DATA:

• • •

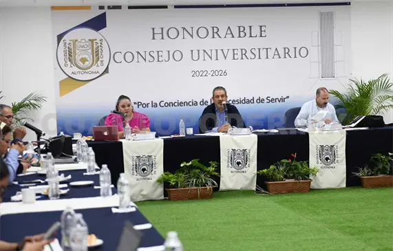 Al dirigirse a los consejeros y consejeras universitarias, acompañado de la secretaria general, María Eugenia Culebro Mandujano y del abogado general, Enrique Pimentel González Pacheco, el rector dijo que este logotipo permitirá reforzar el espíritu de identidad y unidad que nos caracteriza entre la comunidad universitaria.
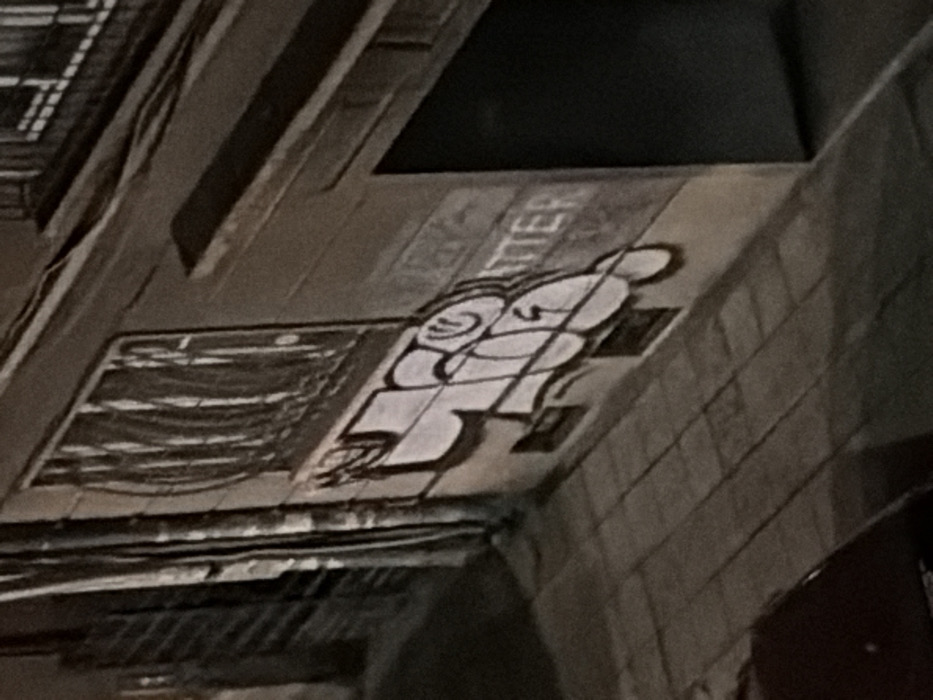 The image depicts a nighttime urban scene in Sofia, Bulgaria, captured from an elevated perspective looking down at a building facade and sidewalk. The primary subject is a light-colored building wall adorned with graffiti. A prominent, stylized white bubble-letter tag with black outlines is centered on the wall, appearing to spell "LOVE" or a similar word, incorporating a small smiling face icon within one letter. To the right of this tag, a lighter, block-letter graffiti segment reading "ITTER" is partially visible. Above the graffiti, a window featuring vertical bars or a decorative grille is present. A vertical drainpipe runs along the left side of the wall. To the upper right, a horizontal concrete ledge protrudes from the facade, and below it, a dark rectangular opening indicates a doorway or entrance. The ground consists of a tiled sidewalk with rectangular paving stones. A dark-colored vehicle, likely a car, is partially visible in the lower-left corner of the frame. The scene is dimly lit, consistent with nighttime conditions. No individuals are visible, and no actions are depicted.
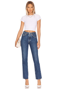 - 100% organic cotton - Made in Turkey - Machine wash - Button fly.5-pocket styling - Light whiskering detail - Rigid denim fabric.18" at the knee narrows to 14" at the leg opening - The Lana sits at your waist with a slightly relaxed, full-length inseam - This fit is crafted with a worn-in feel that makes this your everyday jean. - Revolve Style No. AGOL-WJ432 - Manufacturer Style No. A140-1371
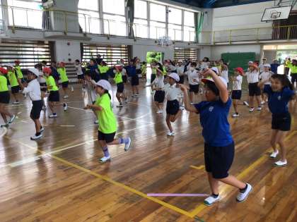 初めての中学年合同練習です。先におどりの練習を始めた4年生が見本をみせ、一緒に練習しました。
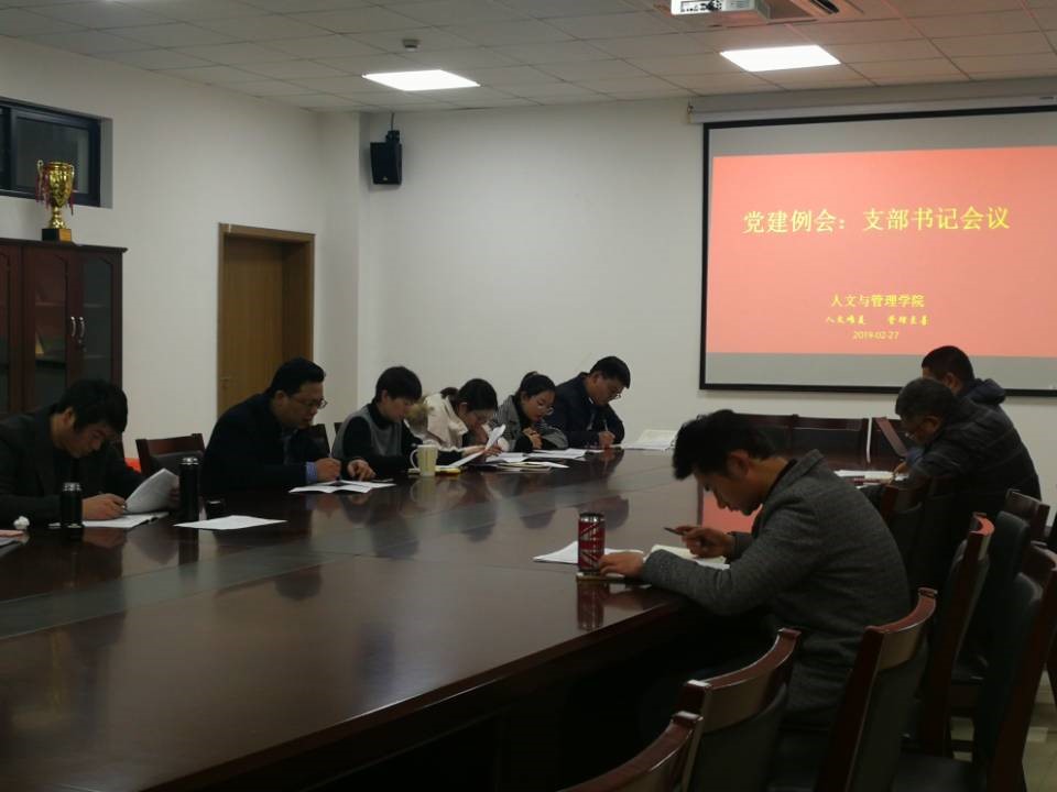 近日,公司党总支在人文楼2A104召开新学期党建思政工作例会。会议由党总支书记谭建刚主持,专题部署2018年度基层党组织组织生活会和民主评议党员工作,组织员郑国庭和各党支部书记参加本次会议。
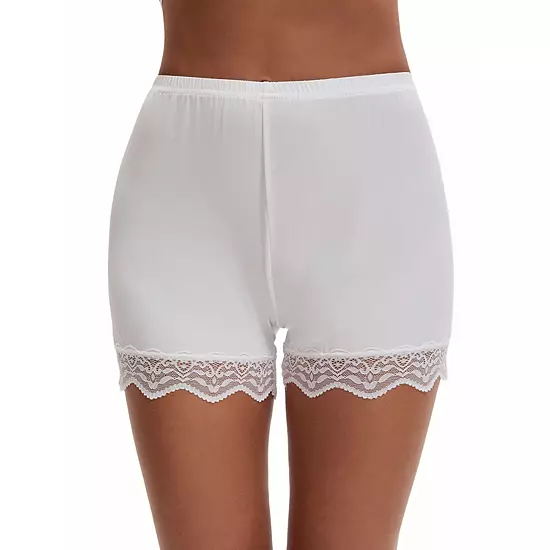 Upgrade your undergarment essentials with the Women’s Lace Trim Ice Silk Mid-Waist Loose Slip Shorts, offering a perfect blend of comfort and style for everyday wear; Crafted from ice silk fabric, these slip shorts deliver a light and breathable feel, ensuring optimal ventilation and unrestricted movement; Enjoy a flattering and comfortable fit with the mid-waist design of these slip shorts; The intricate lace trim detail adds an elegant touch to these versatile boyshorts, making them the epitome of sophistication and comfort.
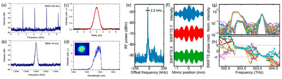In brief, recent advances in VECSEL technology clearly indicate new trends such as self-starting ultrashort-pulse or self-starting optical-comb generation [5,30,35] and their potential for applications in spectroscopy, sensing and metrology [44,45]. Figure 2a–g show experimental signatures of SML-based sub-ps pulsing from a quantum-dot VECSEL [26] and FM-comb formation in a quantum-well VECSEL [30], respectively.
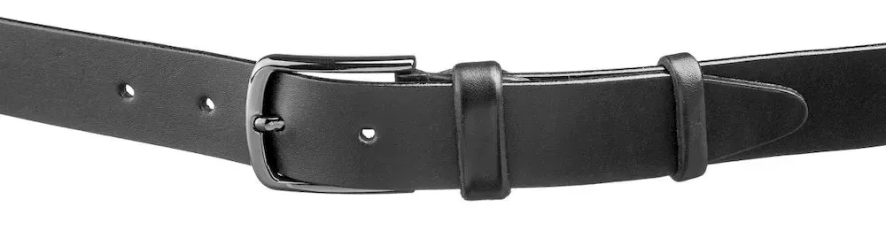 Ремінь має гладку поверхню чорного кольору без написів та тиснень. Модель має класичний та простий дизайн з урахуванням усіх модних тенденцій. Завдяки відточені технології виробництва ремінь довгий час залишається в ідеальному стані. Маючи чорний колір аксесуар ідеально підійде для штанів та джинсів. Фурнітура виконана з якісного металу прямокутної форми із закругленими краями кольору темного срібла.
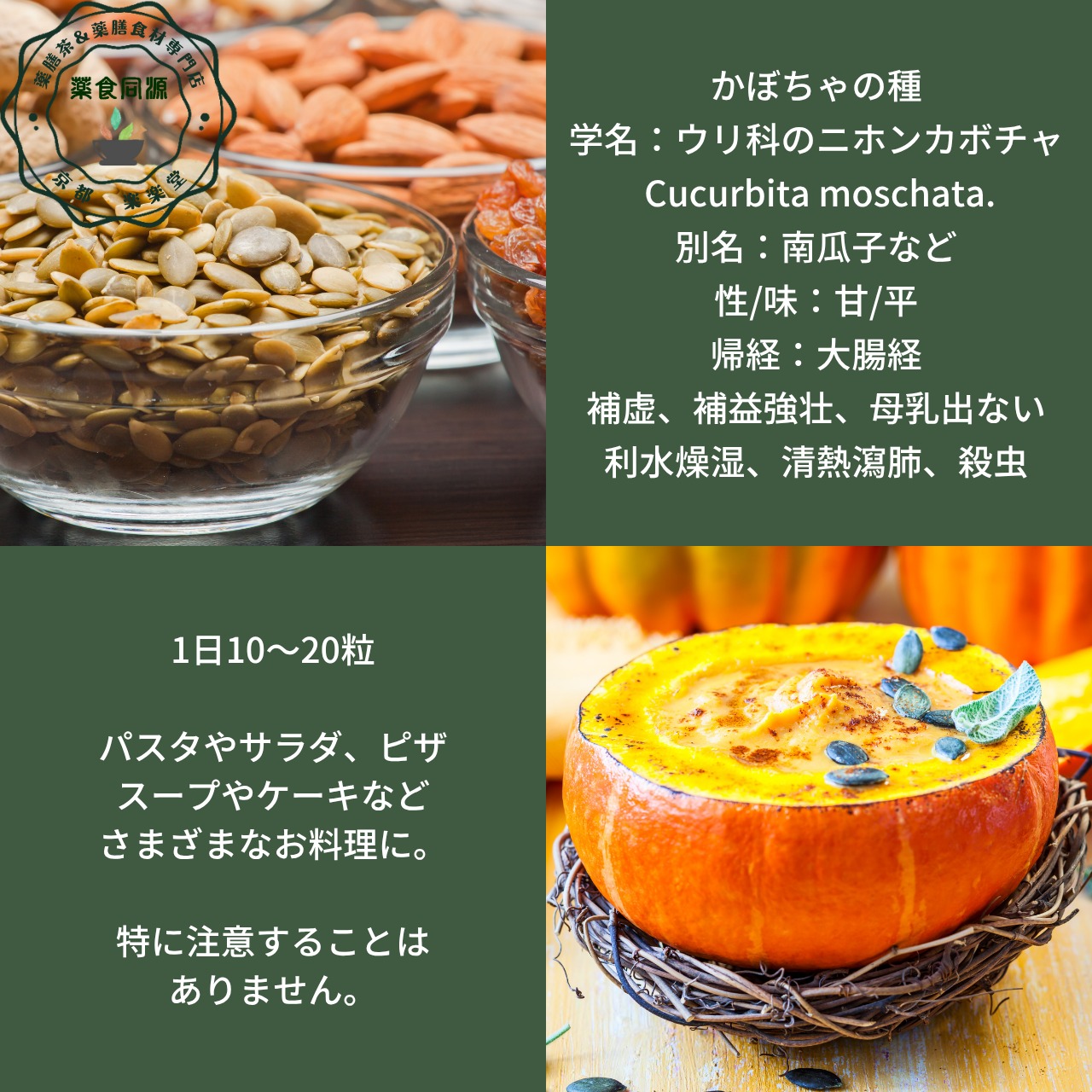 かぼちゃの種は、ウリ科ニホンカボチャの成熟した種子で、中国語では「南瓜子(なんかし)」と呼ばれます。中国東北部や内モンゴル自治区、雲南省などで収穫され、薬膳や生薬として広く用いられてきました。

• • •

TASK INSTRUCTIONS:
Please print the data above in its entirety, exactly, but without any picture.

EXERCISE ANSWER:
 Al dirigirse a los consejeros y consejeras universitarias, acompañado de la secretaria general, María Eugenia Culebro Mandujano y del abogado general, Enrique Pimentel González Pacheco, el rector dijo que este logotipo permitirá reforzar el espíritu de identidad y unidad que nos caracteriza entre la comunidad universitaria.
 The image depicts a nighttime urban scene in Sofia, Bulgaria, captured from an elevated perspective looking down at a building facade and sidewalk. The primary subject is a light-colored building wall adorned with graffiti. A prominent, stylized white bubble-letter tag with black outlines is centered on the wall, appearing to spell "LOVE" or a similar word, incorporating a small smiling face icon within one letter. To the right of this tag, a lighter, block-letter graffiti segment reading "ITTER" is partially visible. Above the graffiti, a window featuring vertical bars or a decorative grille is present. A vertical drainpipe runs along the left side of the wall. To the upper right, a horizontal concrete ledge protrudes from the facade, and below it, a dark rectangular opening indicates a doorway or entrance. The ground consists of a tiled sidewalk with rectangular paving stones. A dark-colored vehicle, likely a car, is partially visible in the lower-left corner of the frame. The scene is dimly lit, consistent with nighttime conditions. No individuals are visible, and no actions are depicted.
 - 100% organic cotton - Made in Turkey - Machine wash - Button fly.5-pocket styling - Light whiskering detail - Rigid denim fabric.18" at the knee narrows to 14" at the leg opening - The Lana sits at your waist with a slightly relaxed, full-length inseam - This fit is crafted with a worn-in feel that makes this your everyday jean. - Revolve Style No. AGOL-WJ432 - Manufacturer Style No. A140-1371
 初めての中学年合同練習です。先におどりの練習を始めた4年生が見本をみせ、一緒に練習しました。
 近日,公司党总支在人文楼2A104召开新学期党建思政工作例会。会议由党总支书记谭建刚主持,专题部署2018年度基层党组织组织生活会和民主评议党员工作,组织员郑国庭和各党支部书记参加本次会议。
 Upgrade your undergarment essentials with the Women’s Lace Trim Ice Silk Mid-Waist Loose Slip Shorts, offering a perfect blend of comfort and style for everyday wear; Crafted from ice silk fabric, these slip shorts deliver a light and breathable feel, ensuring optimal ventilation and unrestricted movement; Enjoy a flattering and comfortable fit with the mid-waist design of these slip shorts; The intricate lace trim detail adds an elegant touch to these versatile boyshorts, making them the epitome of sophistication and comfort.
In brief, recent advances in VECSEL technology clearly indicate new trends such as self-starting ultrashort-pulse or self-starting optical-comb generation [5,30,35] and their potential for applications in spectroscopy, sensing and metrology [44,45]. Figure 2a–g show experimental signatures of SML-based sub-ps pulsing from a quantum-dot VECSEL [26] and FM-comb formation in a quantum-well VECSEL [30], respectively.
 Ремінь має гладку поверхню чорного кольору без написів та тиснень. Модель має класичний та простий дизайн з урахуванням усіх модних тенденцій. Завдяки відточені технології виробництва ремінь довгий час залишається в ідеальному стані. Маючи чорний колір аксесуар ідеально підійде для штанів та джинсів. Фурнітура виконана з якісного металу прямокутної форми із закругленими краями кольору темного срібла.
 かぼちゃの種は、ウリ科ニホンカボチャの成熟した種子で、中国語では「南瓜子(なんかし)」と呼ばれます。中国東北部や内モンゴル自治区、雲南省などで収穫され、薬膳や生薬として広く用いられてきました。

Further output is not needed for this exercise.